◆ What is needed:
Lines to return, exactly: from the line with "봄과 가을 새로운 남성의" to the line with "According to the" in the entries below, both included.

========================

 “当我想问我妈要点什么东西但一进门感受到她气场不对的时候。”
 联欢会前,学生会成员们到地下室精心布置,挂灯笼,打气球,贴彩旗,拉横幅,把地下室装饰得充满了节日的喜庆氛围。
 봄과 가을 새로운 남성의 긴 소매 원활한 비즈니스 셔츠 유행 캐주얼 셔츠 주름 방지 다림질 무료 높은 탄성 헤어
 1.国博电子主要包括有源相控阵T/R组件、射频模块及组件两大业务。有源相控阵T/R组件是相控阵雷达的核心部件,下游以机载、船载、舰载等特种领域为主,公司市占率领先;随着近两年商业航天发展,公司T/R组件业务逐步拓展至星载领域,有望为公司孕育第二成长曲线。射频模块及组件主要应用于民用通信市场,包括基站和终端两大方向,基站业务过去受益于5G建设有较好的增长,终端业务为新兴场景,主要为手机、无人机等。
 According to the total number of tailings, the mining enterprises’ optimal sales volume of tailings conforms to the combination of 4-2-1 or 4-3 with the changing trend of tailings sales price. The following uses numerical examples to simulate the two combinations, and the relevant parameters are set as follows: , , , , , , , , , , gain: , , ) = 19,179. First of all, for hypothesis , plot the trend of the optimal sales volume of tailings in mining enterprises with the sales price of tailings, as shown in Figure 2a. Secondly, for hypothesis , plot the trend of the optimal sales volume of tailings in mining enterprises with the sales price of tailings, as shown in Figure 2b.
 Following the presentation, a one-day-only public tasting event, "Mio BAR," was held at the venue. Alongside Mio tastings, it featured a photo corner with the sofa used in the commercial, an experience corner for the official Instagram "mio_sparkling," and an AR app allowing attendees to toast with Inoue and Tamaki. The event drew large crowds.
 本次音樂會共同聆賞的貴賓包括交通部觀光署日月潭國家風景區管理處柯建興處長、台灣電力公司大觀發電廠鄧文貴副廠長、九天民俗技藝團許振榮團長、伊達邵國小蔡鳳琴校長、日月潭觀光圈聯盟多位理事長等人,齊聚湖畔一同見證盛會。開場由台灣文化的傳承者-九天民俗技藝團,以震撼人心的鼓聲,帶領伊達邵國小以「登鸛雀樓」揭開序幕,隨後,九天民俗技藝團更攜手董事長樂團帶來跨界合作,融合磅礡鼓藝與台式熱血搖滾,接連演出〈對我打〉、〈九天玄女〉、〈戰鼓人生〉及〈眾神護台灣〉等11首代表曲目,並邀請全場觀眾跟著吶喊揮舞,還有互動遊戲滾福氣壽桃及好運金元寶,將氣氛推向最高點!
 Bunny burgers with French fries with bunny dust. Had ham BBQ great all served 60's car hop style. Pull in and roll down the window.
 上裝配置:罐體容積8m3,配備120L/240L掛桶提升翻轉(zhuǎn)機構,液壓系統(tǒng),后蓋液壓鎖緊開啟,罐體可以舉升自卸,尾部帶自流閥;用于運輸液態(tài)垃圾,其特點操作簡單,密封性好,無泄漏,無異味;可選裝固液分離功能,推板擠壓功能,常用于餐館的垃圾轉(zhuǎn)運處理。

========================

◆ Answer for the task:
 봄과 가을 새로운 남성의 긴 소매 원활한 비즈니스 셔츠 유행 캐주얼 셔츠 주름 방지 다림질 무료 높은 탄성 헤어
 1.国博电子主要包括有源相控阵T/R组件、射频模块及组件两大业务。有源相控阵T/R组件是相控阵雷达的核心部件,下游以机载、船载、舰载等特种领域为主,公司市占率领先;随着近两年商业航天发展,公司T/R组件业务逐步拓展至星载领域,有望为公司孕育第二成长曲线。射频模块及组件主要应用于民用通信市场,包括基站和终端两大方向,基站业务过去受益于5G建设有较好的增长,终端业务为新兴场景,主要为手机、无人机等。
 According to the total number of tailings, the mining enterprises’ optimal sales volume of tailings conforms to the combination of 4-2-1 or 4-3 with the changing trend of tailings sales price. The following uses numerical examples to simulate the two combinations, and the relevant parameters are set as follows: , , , , , , , , , , gain: , , ) = 19,179. First of all, for hypothesis , plot the trend of the optimal sales volume of tailings in mining enterprises with the sales price of tailings, as shown in Figure 2a. Secondly, for hypothesis , plot the trend of the optimal sales volume of tailings in mining enterprises with the sales price of tailings, as shown in Figure 2b.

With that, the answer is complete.